# [Your goal]
Restate word for word the lines below that run from the one holding "Connue pour sa" through the one holding "Keep your vehicle", inclusive. Pictures don't belong in the copy.

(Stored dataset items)
* * *
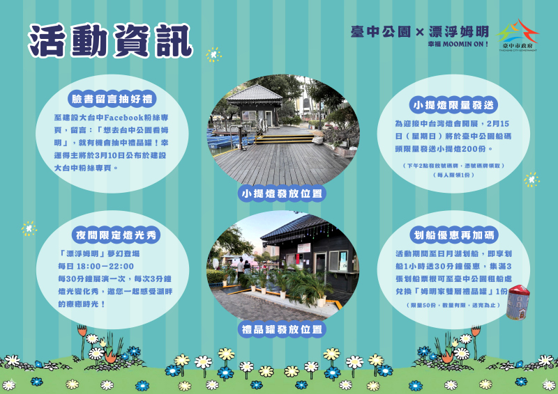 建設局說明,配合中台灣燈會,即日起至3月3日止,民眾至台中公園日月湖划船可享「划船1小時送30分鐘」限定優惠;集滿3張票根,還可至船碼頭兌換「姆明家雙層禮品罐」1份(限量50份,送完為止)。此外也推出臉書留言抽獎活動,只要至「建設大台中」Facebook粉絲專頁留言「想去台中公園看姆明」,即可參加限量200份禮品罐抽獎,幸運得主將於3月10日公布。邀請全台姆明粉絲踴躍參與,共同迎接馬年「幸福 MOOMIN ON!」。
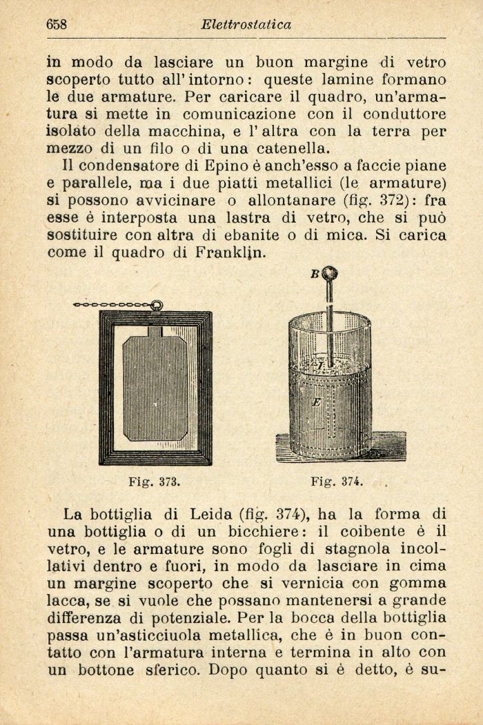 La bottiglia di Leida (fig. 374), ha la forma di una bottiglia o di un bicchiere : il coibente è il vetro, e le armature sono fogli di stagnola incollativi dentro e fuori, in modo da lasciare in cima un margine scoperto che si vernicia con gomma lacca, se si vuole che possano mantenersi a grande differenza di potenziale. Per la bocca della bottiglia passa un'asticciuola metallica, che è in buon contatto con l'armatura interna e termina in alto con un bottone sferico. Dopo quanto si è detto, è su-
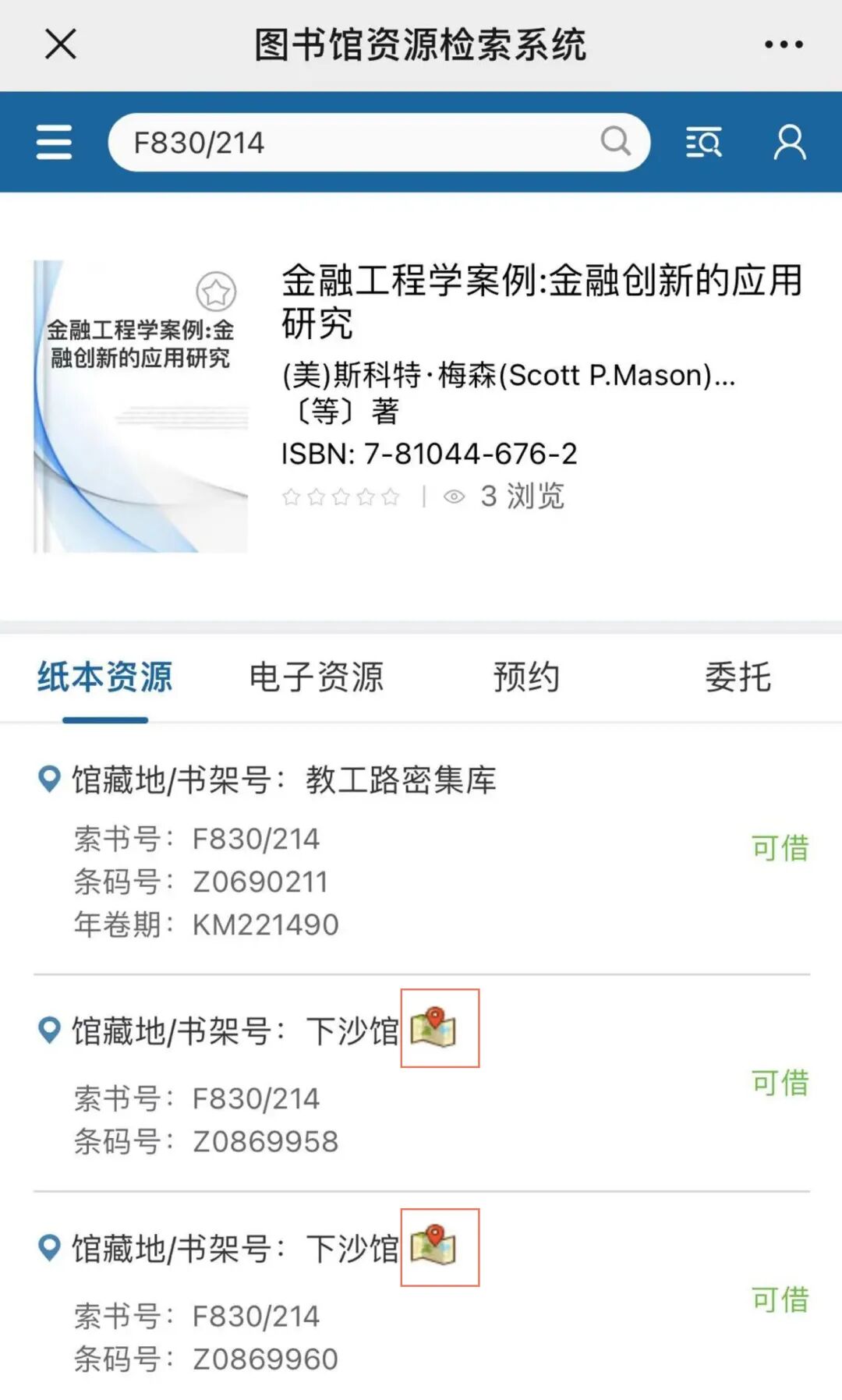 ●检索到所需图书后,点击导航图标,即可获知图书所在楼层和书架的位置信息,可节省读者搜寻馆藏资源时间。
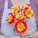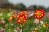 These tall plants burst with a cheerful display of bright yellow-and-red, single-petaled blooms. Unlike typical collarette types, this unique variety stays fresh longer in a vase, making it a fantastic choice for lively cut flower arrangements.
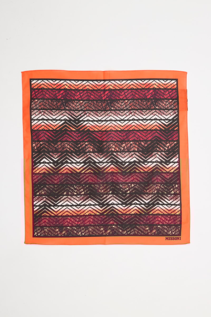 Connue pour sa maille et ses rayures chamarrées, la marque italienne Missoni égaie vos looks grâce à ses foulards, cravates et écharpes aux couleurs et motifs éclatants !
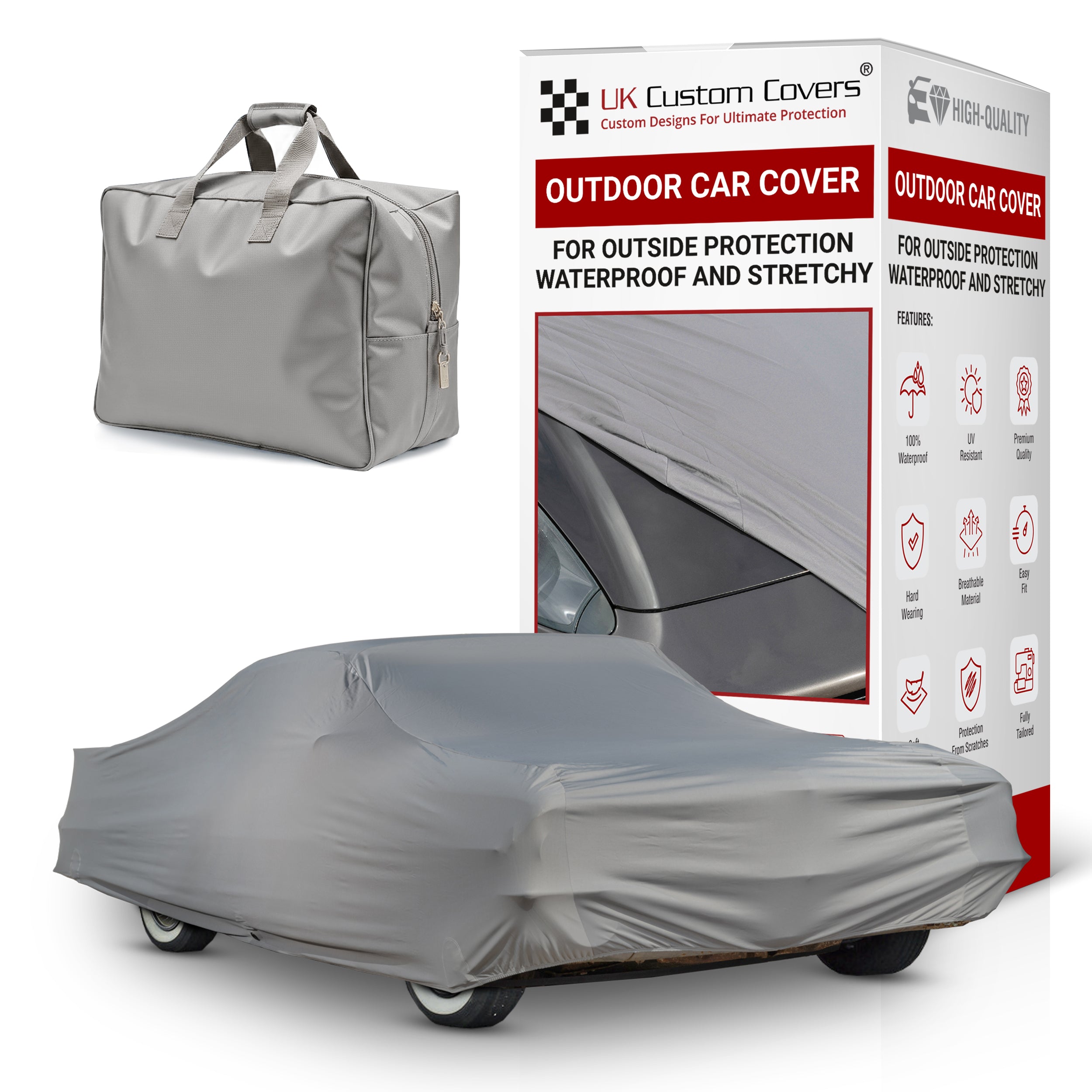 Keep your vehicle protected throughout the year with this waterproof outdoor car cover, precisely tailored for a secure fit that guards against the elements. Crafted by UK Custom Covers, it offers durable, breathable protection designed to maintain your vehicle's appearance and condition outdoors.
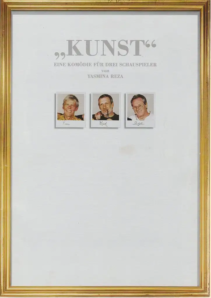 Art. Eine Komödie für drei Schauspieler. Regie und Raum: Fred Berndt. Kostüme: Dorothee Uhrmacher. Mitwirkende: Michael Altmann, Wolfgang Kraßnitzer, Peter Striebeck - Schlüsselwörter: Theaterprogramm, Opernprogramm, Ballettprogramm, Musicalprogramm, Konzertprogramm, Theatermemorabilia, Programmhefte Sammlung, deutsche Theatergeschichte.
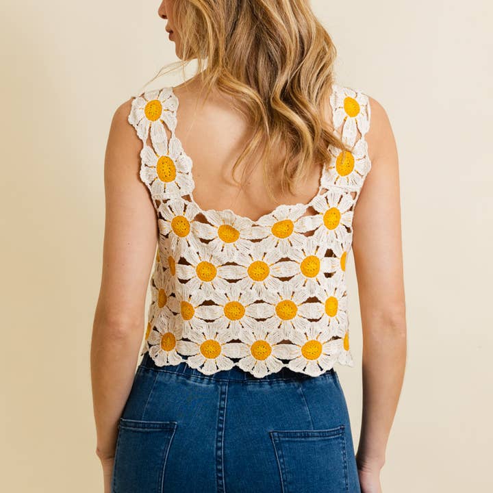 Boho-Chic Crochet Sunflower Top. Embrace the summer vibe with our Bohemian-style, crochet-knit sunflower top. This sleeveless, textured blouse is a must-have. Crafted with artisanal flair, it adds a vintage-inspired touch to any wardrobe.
* * *
# [Solution for this task]
 Connue pour sa maille et ses rayures chamarrées, la marque italienne Missoni égaie vos looks grâce à ses foulards, cravates et écharpes aux couleurs et motifs éclatants !
 Keep your vehicle protected throughout the year with this waterproof outdoor car cover, precisely tailored for a secure fit that guards against the elements. Crafted by UK Custom Covers, it offers durable, breathable protection designed to maintain your vehicle's appearance and condition outdoors.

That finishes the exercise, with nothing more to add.